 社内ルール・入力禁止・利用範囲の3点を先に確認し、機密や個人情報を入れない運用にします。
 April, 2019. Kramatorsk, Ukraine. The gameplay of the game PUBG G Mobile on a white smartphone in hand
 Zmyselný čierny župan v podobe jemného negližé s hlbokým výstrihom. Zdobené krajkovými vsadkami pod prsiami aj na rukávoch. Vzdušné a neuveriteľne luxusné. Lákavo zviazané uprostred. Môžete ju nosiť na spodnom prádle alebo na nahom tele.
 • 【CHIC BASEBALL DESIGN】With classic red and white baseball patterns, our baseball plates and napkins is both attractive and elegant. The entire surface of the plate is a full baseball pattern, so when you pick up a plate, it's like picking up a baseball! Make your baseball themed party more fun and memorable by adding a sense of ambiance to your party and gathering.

══════════

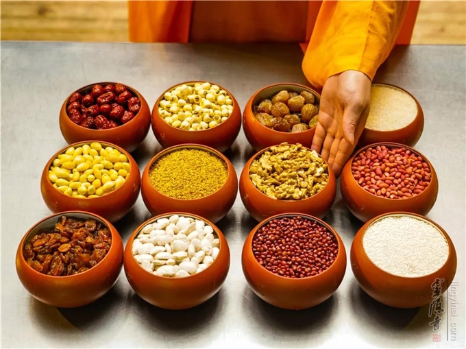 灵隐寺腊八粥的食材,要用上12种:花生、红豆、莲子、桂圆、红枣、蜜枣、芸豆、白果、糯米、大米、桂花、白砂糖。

══════════

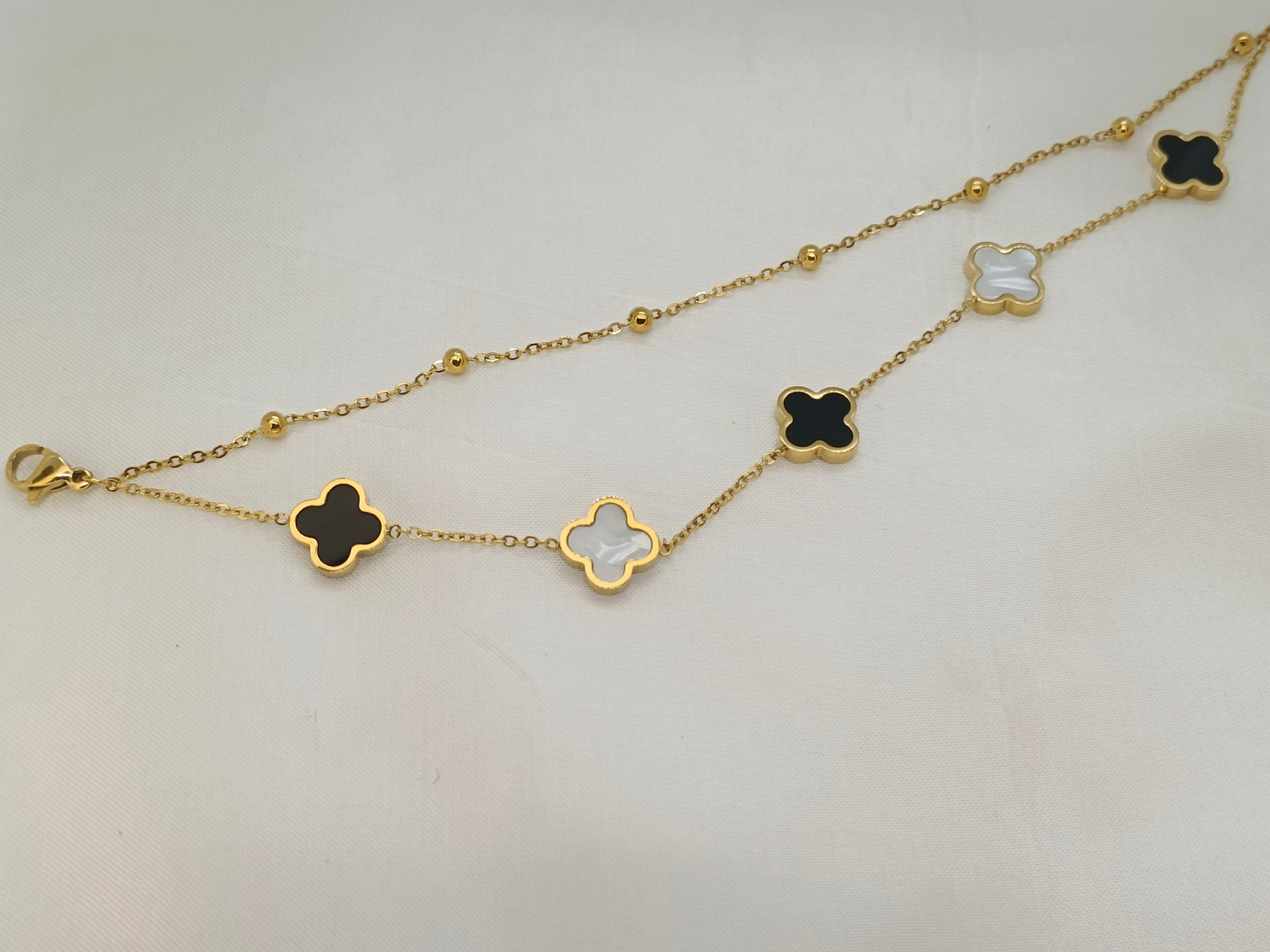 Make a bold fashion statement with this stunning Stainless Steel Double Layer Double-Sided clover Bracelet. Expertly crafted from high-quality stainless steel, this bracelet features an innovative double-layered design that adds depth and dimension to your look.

══════════

# TASK:
From the material above, set down exactly the lines between the line holding "社内ルール・入力禁止・利用範" and the line holding "party and gathering.", inclusive. Include nothing else.

# SOLUTION FOR THIS TASK:
 社内ルール・入力禁止・利用範囲の3点を先に確認し、機密や個人情報を入れない運用にします。
 April, 2019. Kramatorsk, Ukraine. The gameplay of the game PUBG G Mobile on a white smartphone in hand
 Zmyselný čierny župan v podobe jemného negližé s hlbokým výstrihom. Zdobené krajkovými vsadkami pod prsiami aj na rukávoch. Vzdušné a neuveriteľne luxusné. Lákavo zviazané uprostred. Môžete ju nosiť na spodnom prádle alebo na nahom tele.
 • 【CHIC BASEBALL DESIGN】With classic red and white baseball patterns, our baseball plates and napkins is both attractive and elegant. The entire surface of the plate is a full baseball pattern, so when you pick up a plate, it's like picking up a baseball! Make your baseball themed party more fun and memorable by adding a sense of ambiance to your party and gathering.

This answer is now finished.